The experiment can be performed an unlimited number of times. A hypothetical theoretical population is an infinite population in which there are equal shares (0.25 each) of four different elements, designated by the numbers 1, 2, 3, 4. A series of n repeated throwing of a pyramid or simultaneous throwing of n identical pyramids can be considered as a sample of volume n from this general population. As a result of the experiment, we have n numbers.
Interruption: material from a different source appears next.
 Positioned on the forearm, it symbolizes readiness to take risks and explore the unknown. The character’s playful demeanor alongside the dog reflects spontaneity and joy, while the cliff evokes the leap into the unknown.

It is possible to introduce some functions of these quantities, which are called statistics; they can be associated with certain parameters of the general distribution.

The most important numerical characteristics distributions are the probabilities Р i, expected value M, variance D. Statistics for probabilities P i are relative frequencies, where n i is the frequency of result i (i = 1,2,3,4) in the sample. The mathematical expectation M corresponds to statistics

which is called the sample mean. Sample variance

corresponds general variance D.

The relative frequency of any event (i=1,2,3,4) in a series of n repeated trials (or in samples of size n from the population) will have a binomial distribution.
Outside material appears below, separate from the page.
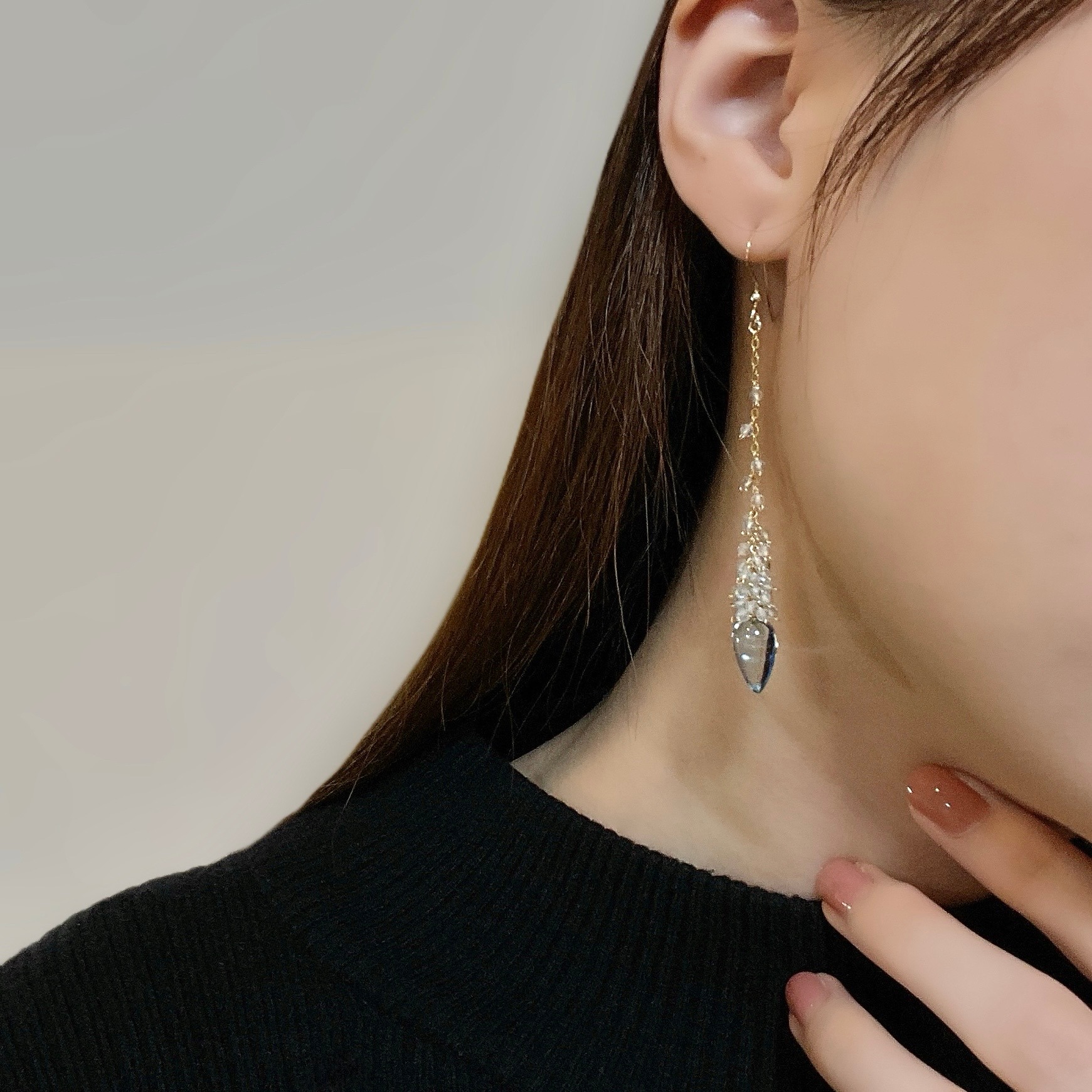 優美な揺れ感を演出するロング丈と、存在感のある大粒のストーンがラグジュアリーな一点♪

This distribution has a mathematical expectation of 0.25 (does not depend on n), and the average standard deviation equals (decreases quickly as n increases). The distribution is a sampling distribution of statistics, the relative frequency of any of the four possible outcomes of a single pyramid toss in n repeated testing. If we were to select from an infinite general population, in which four different elements (i = 1,2,3,4) have equal shares of 0.25, all possible samples of size n (their number is also infinite), we would get the so-called mathematical sample size n. In this sample, each of the elements (i=1,2,3,4) is distributed according to the binomial law.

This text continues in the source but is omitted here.